AUDIO: “Space” [30 Trips Around The Sun, 2/21/95] (3:32-3:57)

JESSE: That was a “Space” segment from February 21st, 1995 in Salt Lake City, released on the 30 Trips Around The Sun box set. Today we’re going to hear the story of how the Grateful Dead dreamt an orchestra of the imagination from the musician who helped them turn it into sound. Please welcome to the Good Ol’ Grateful Deadcast, Bob Bralove.

BOB BRALOVE: I was getting a master's degree in composition at San Francisco State, and I needed to work. I had done some word processing and stuff and then got a job working in computers. I ended up with a company called Osborne Computers, who made the first transportable computer. It fit under your airplane seat — no batteries, you had to plug it in. It had this huge case, and the front of the case just sort of flopped down and the keyboard was in it.

I had a friend who happened to have been a huge Dead Head. Really awesome guy. He was in customer support and I was doing international stuff, translating software into different languages. He had this big Cadillac with these two huge Pete speakers in the backseat, and we used to drive around and he played Dead music for me. One day, he came up and he said, “I just got a call from Stevie Wonder's chief engineer.” And I had always said—because I got the sense right away from using the machines—I said to him, “If anybody calls about music, let me know.” Because I sensed the power of these machines — this will get me back into music.
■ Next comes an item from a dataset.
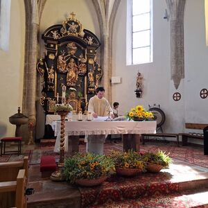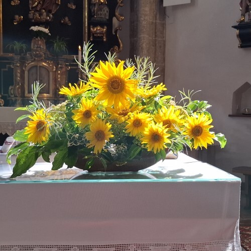 Danke an das Team der Goldhaubengruppe Tarsdorf, die heute die Kirchenbesucher wieder mit duftenden Kräuterbüscherln beschenkten. Die Vorzüge des Rosmarin als Heilkraut und Gewürz wurden beim Gottesdienst vorgesellt. Kaplan Franziskus segnete die wohlriechenen Kräuter.
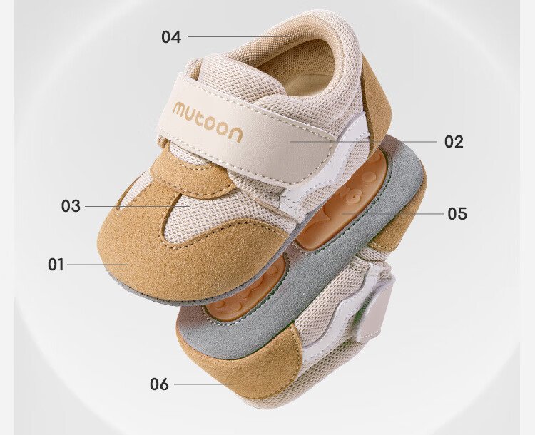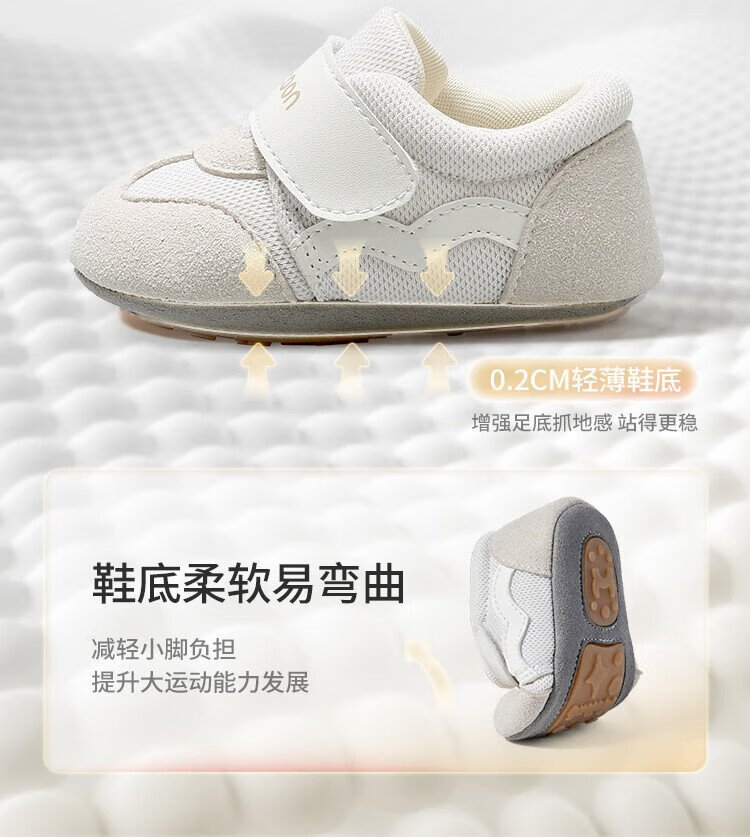 Shepherd's Baby Shoes Spring and Autumn Breathable Mesh Soft Cuddle Shoes Soft Sole Retro Toddler Shoes Cream Gray 16

JESSE: Originally hired to help Wonder create a voice-controlled phonebook, he soon moved on to creating voice controls for Wonder’s synthesizers.
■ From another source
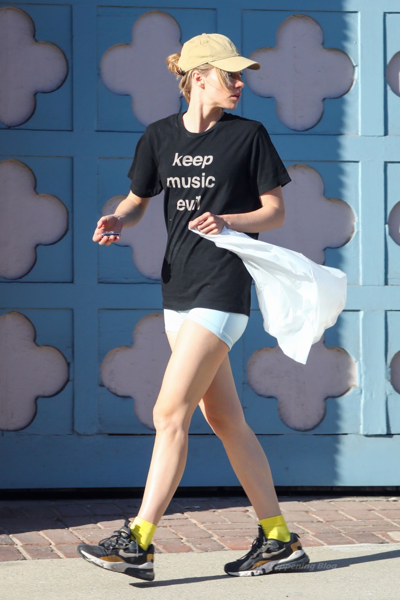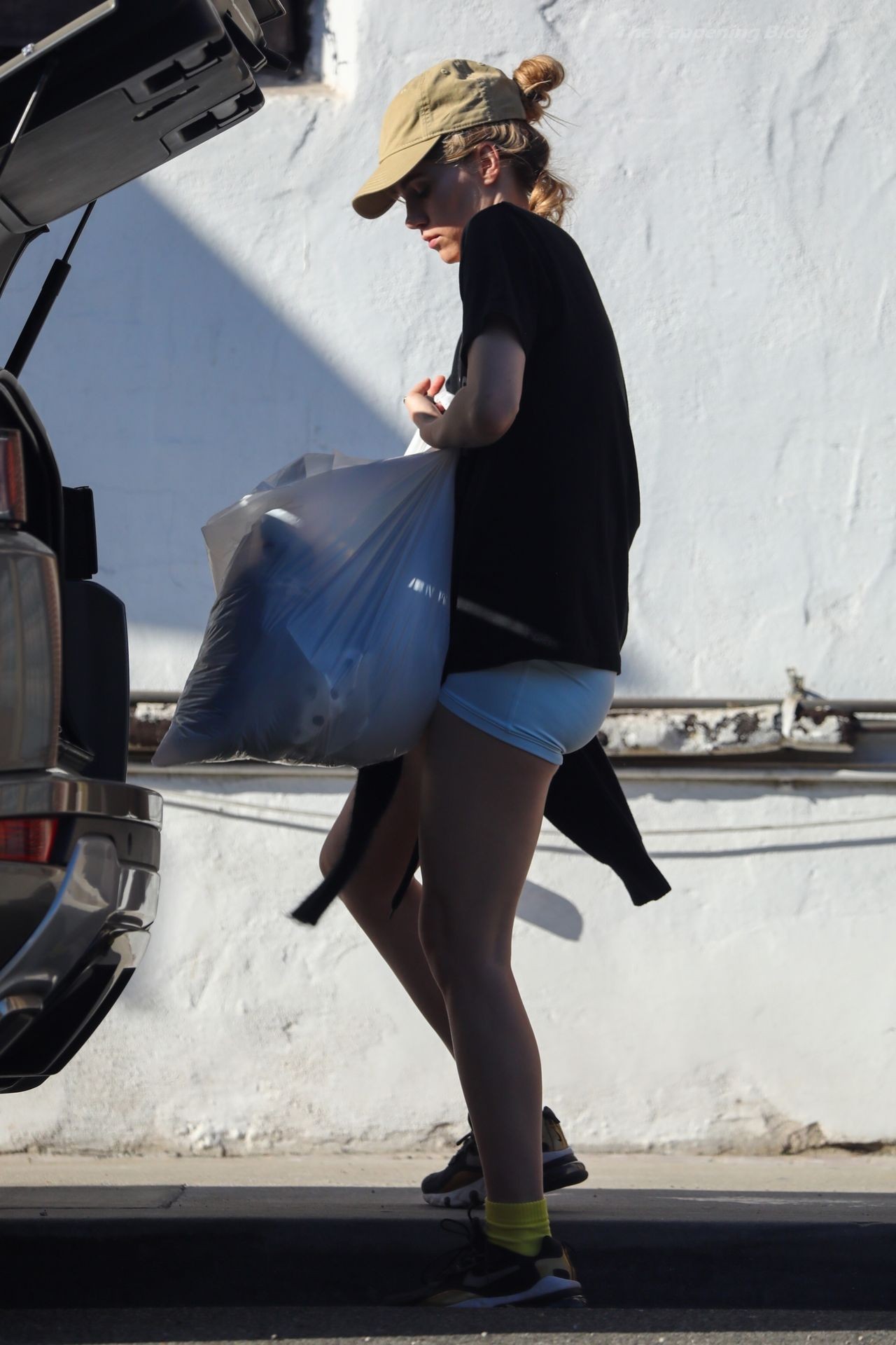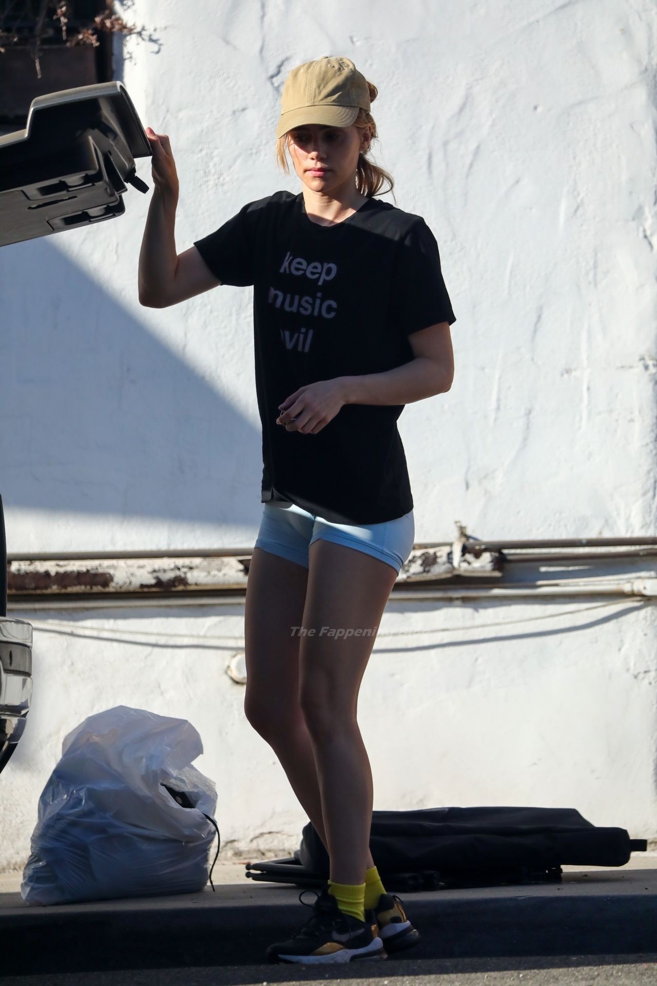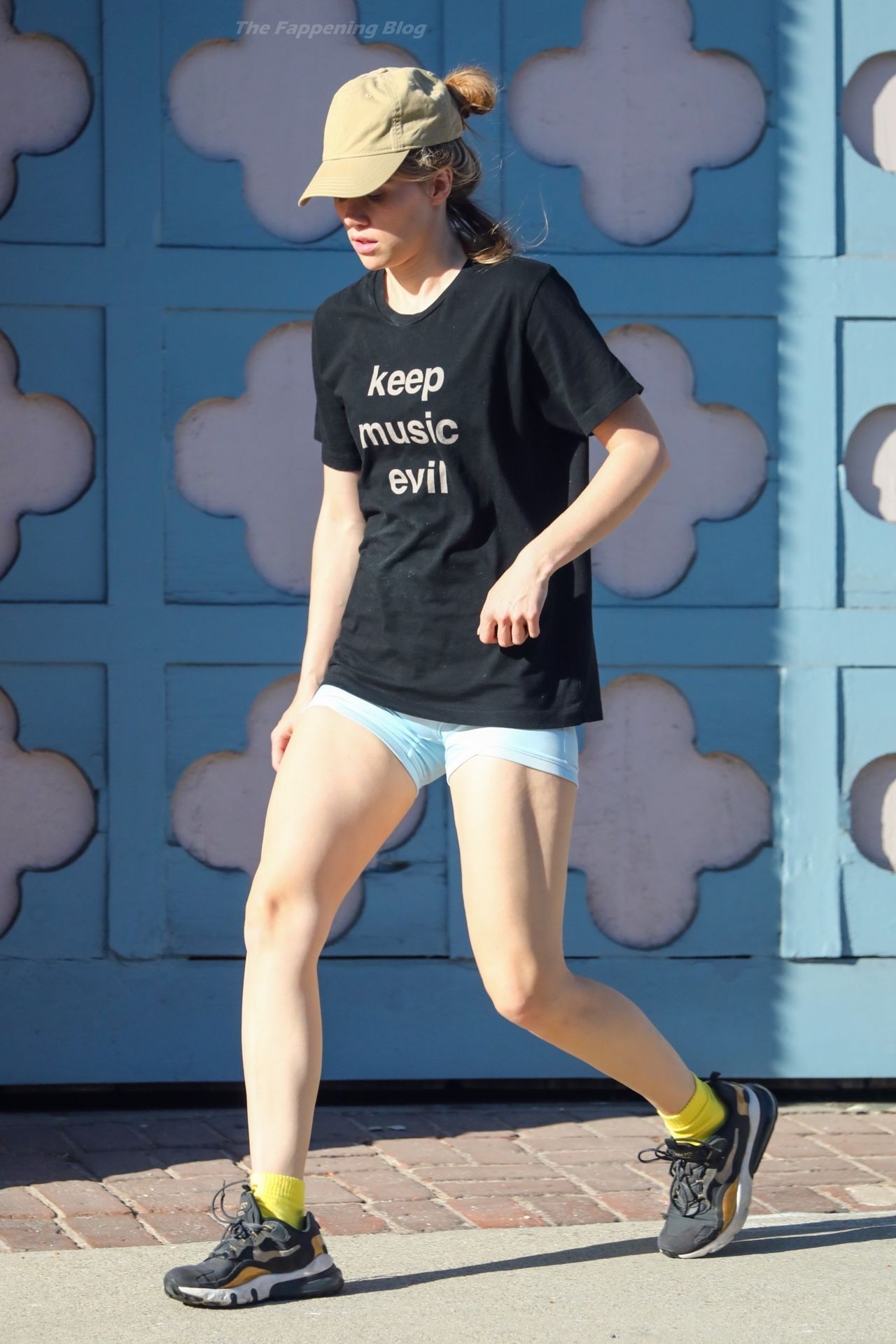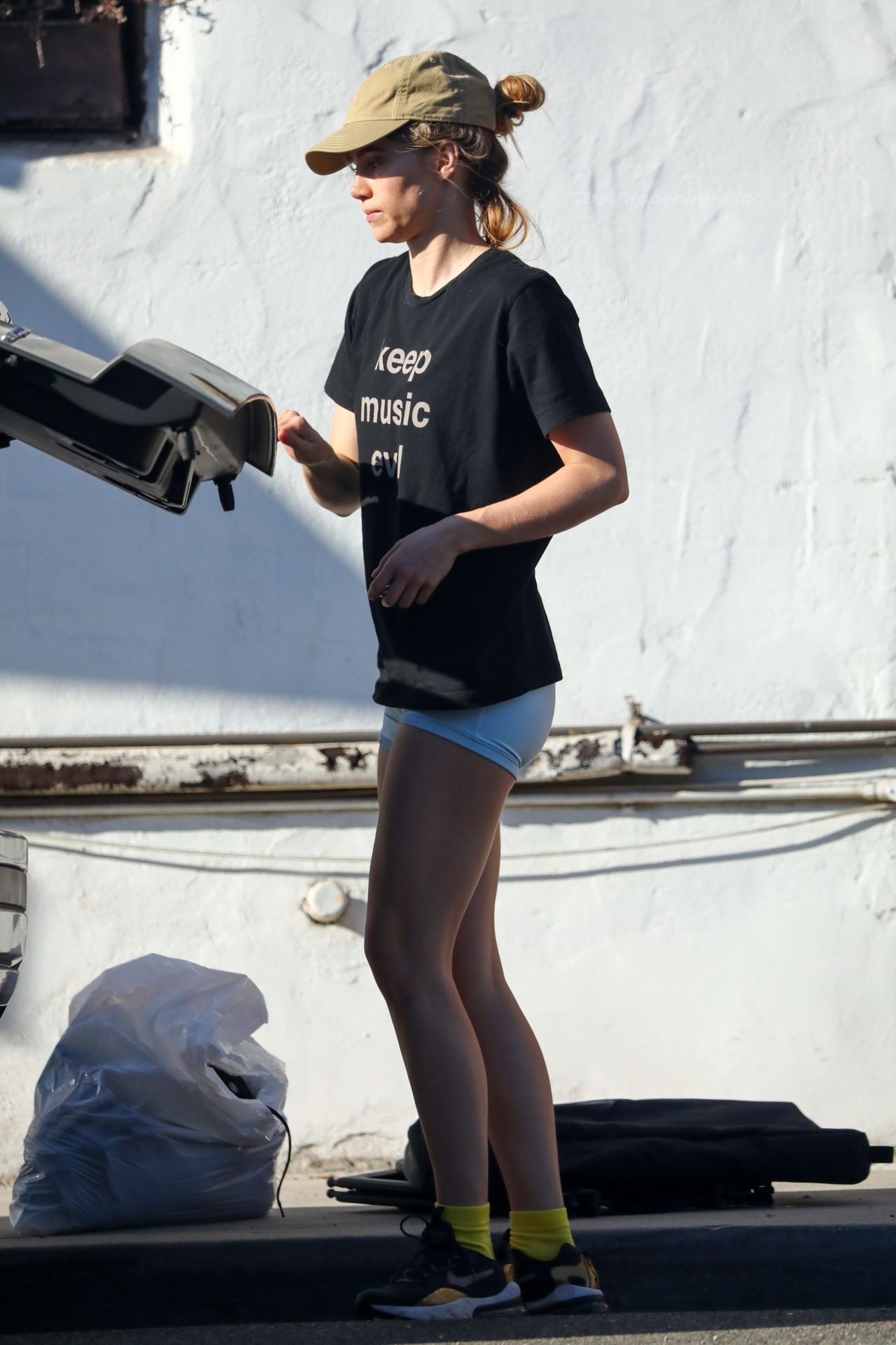 Actriz, modelo y estrella de The Fappening Suki Waterhouse limpia su coche y saca un guion para Daisy Jones and The Six, en Los Ángeles esta tarde. Mostró sus piernas con pantalones cortos y llevaba una camiseta negra que decía: ¡Mantiene la Música Malvada!

BOB BRALOVE: In the process of doing that, I had to learn the synthesizers. I was coming in as a computer guy, not as a musician, so I would work the synthesizers when he wasn't there. I’d come in late at night to record or something, and he'd hear me. He’d come in, I would have headphones in. He'd hear me operating ‘em, and he'd say, “Well, why don't you stay for the session, Bob? I think I could use you.” So then I’d spend all night there, crash, come back and learn the synthesizers. He kept asking me, and one day he said, “We’re going to Europe this summer. Do you want to come?” I said, “Sure.” I joined the tour, and then it was eight years of nonstop touring and studio work and television shows. It was wonderful.

AUDIO: “Go Home” [Stevie Wonder, In Square Circle] (0:10-0:40) - [Spotify]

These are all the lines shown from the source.